While there had been some states that held primary elections before the reforms, most states did not, and even in the states with primaries, the delegates were not always bound to the candidates who won. At the convention, the delegates might well switch their allegiance to support candidates preferred by their party leaders.
Today, all states hold either primaries or caucuses, where rank-and-file party members vote for the candidates, and the delegates who attend the national conventions must vote for the candidates they supported in the state elections.
While the reforms ostensibly made the process more democratic, by transferring power from party leaders to party voters, in fact it gave much more power to the media and to people with money. And it made possible the rise of “outsiders”, candidates who do not have to rely on support from party leaders for their success, and who may not reflect the mainstream of the party.
Recent Supreme Court decisions about campaign financing, especially Citizens United, undermine party influence even more, by allowing moneyed interests virtually unfettered ability to spend whatever they want to win elections.
Party Establishments vs. the “Outsiders” for 2016
Parties retain some influence in the nomination process.
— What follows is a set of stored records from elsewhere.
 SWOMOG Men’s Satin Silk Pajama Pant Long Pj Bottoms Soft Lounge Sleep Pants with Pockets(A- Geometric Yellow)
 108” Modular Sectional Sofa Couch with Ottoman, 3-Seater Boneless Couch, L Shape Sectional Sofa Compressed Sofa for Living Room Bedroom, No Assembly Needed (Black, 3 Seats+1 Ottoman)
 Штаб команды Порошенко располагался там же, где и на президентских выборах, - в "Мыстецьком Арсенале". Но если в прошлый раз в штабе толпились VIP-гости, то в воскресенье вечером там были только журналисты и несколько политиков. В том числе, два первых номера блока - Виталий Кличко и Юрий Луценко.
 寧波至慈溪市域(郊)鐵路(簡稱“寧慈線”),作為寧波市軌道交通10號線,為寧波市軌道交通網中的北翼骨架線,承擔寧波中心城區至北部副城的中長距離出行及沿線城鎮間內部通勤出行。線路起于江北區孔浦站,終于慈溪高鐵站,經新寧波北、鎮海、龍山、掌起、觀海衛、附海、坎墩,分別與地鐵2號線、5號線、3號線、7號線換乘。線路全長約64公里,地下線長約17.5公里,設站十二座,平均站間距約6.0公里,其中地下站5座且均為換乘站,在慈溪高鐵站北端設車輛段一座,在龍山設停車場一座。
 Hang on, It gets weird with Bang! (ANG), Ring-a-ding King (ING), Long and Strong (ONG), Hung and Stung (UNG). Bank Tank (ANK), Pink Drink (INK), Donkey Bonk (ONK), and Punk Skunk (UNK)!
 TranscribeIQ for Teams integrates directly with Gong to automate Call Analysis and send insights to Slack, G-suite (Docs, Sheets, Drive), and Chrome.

When party leaders across the country reach a consensus as to which candidate they prefer, their endorsements and support in raising money and organizing campaigns can give the preferred candidate a boost.
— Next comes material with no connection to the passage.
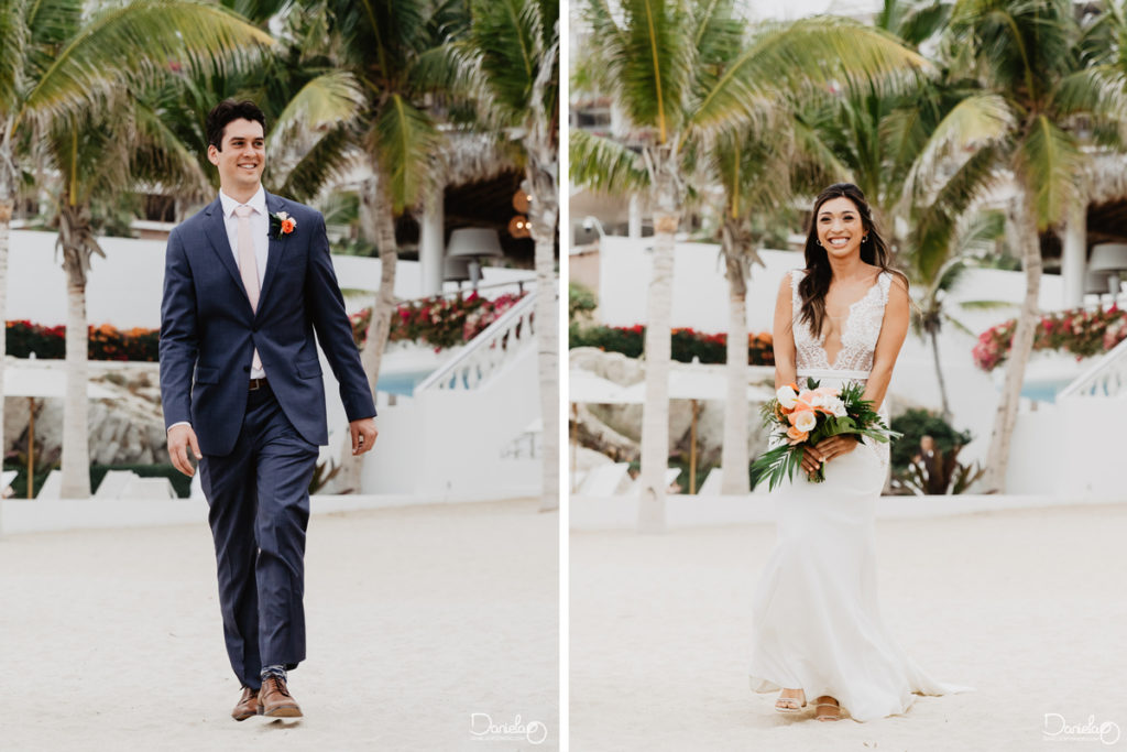 This was my very first wedding shot at Mar del Cabo so I was beyond excited. There is something beautiful and thrilling about the first time you take photos in a spot. Everything seems fresh and creativity just explodes! I definitely loved the new colors. There is so much white and blue that looks gorgeous mixed with the pink flowers everywhere. It almost felt like a piece of Greece had fallen into Cabo.

For the Republicans, that happened most recently in 2000, when George W. Bush was anointed early on as the GOP establishment favorite, but was challenged by “maverick” John McCain. The Arizona senator won the New Hampshire primary, which would normally have given him a great deal of momentum in the nomination process. But party leaders rallied around Bush and helped him defeat McCain in South Carolina, and eventually win the nomination.
This year, however, there is no consensus among GOP leaders as to which candidate they prefer, though – as noted earlier – there is a general agreement that Donald Trump should be stopped. So, the question for the Republican Party is this: Can the party prevail over the media (which gives Trump outsize coverage) and the moneyed interests (Trump himself) to prevent the business mogul from grabbing the nomination?
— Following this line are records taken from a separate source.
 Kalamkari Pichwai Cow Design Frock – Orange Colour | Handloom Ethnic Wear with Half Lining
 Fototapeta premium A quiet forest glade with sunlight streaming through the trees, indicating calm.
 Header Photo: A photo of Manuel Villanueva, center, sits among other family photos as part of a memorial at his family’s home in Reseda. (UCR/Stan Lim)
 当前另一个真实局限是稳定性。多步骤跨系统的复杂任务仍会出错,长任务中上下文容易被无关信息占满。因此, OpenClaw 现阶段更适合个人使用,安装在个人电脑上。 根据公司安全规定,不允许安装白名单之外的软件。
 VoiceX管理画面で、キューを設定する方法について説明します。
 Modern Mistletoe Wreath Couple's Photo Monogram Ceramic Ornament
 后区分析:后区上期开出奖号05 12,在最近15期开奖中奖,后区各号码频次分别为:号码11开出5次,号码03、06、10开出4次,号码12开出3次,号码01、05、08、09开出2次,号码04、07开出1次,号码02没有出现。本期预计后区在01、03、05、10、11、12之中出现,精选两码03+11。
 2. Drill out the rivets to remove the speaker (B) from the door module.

For Democrats, the consensus candidate was clearly Hillary Clinton – so much so that no other major Democratic politician has even entered the race. She has monopolized the endorsement contest, but that did not deter Bernie Sanders – clearly an outsider from the perspective of the party establishment – from entering the Democratic nomination contest. And the polls suggest that at least in the early states, he is faring quite well.
So, which is more predictive – current polls, or party endorsements?
Earlier this month, Matthew Dowd, a GOP political consultant and ABC News reporter, suggested that the current polls predict a Trump nomination. “Any Republican that has led for two months and led every state [as Trump has done] has won the GOP nomination.”
By the same logic, one could argue that Bernie Sanders will win the Democratic nomination, since he is projected to win the early contests in both Iowa and New Hampshire – and every Democrat who has done that has become the party’s presidential nominee.
But I think that party endorsements are more predictive than early polls. Too many voters simply don’t know the candidates and are not committed to any specific candidate this far ahead of the actual elections.
No doubt this view reflects conventional wisdom, or perhaps a lack of imagination. It’s difficult to envision a presidential contest in which the two major parties offer an avowed socialist and a celebrity businessman with no electoral experience – no matter what the polls tell us.